With jhash3 we can gain 3.6k and un-inlining shrinks the code with an additional
5.2k. In the patch I left jhash(3) inlined.

Uniformity

According to Bob Jenkins, lookup3() mixes better than lookup2(): it passes
the check that every input bit changes every output bit 50% of the time, while
lookup2() failed it. In order to verify it I added jhash3 to the cttest program,
which tests hash functions with (artifical, worst case) netfilter conntrack data
and calculates the statistics (chi-square, probability of longest bucket, etc).
You can find the program and the results here:
http://www.kfki.hu/~kadlec/sw/netfilter/ct3/ - to sum up, lookup3() produces
uniform key values and no weakness could be spotted.

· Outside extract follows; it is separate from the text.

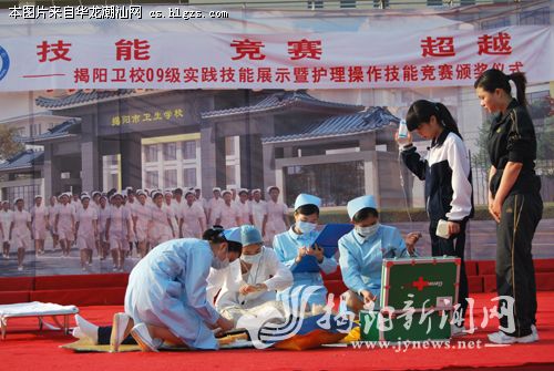 为庆祝“5·12”国际护士节的到来,激励学生“加强专业技能实训,争当实用卫生人才”,市卫生学校近日举行09级学生实践技能展示暨护理操作技能竞赛,进一步提高了学生的护理操作技能,展示了准白衣天使良好的精神风貌。

Many thanks to Eric Dumazet for his thorough reviewing.

Dave applied the first patch to net-next-2.6.

Jozsef Kadlecsik (2):
Remove calls to jhash internals
The new jhash implementation

include/linux/jhash.h | 183 ++++++++++++++++++++++----------------
net/ipv6/inet6_connection_sock.c | 18 ++--
net/ipv6/reassembly.c | 36 ++++----
3 files changed, 129 insertions(+), 108 deletions(-)

2010-12-03 12:39:07

by Jozsef Kadlecsik

[permalink] [raw]
Subject: [PATCH 2/2] The new jhash implementation

The current jhash.h implements the lookup2() hash function by Bob Jenkins.
However, lookup2() is outdated as Bob wrote a new hash function called
lookup3(). The patch replaces the lookup2() implementation of the 'jhash*'
functions with that of lookup3().

You can read a longer comparison of the two and other hash functions at
http://burtleburtle.net/bob/hash/doobs.html.
---
include/linux/jhash.h | 183 ++++++++++++++++++++++++++++---------------------
1 files changed, 105 insertions(+), 78 deletions(-)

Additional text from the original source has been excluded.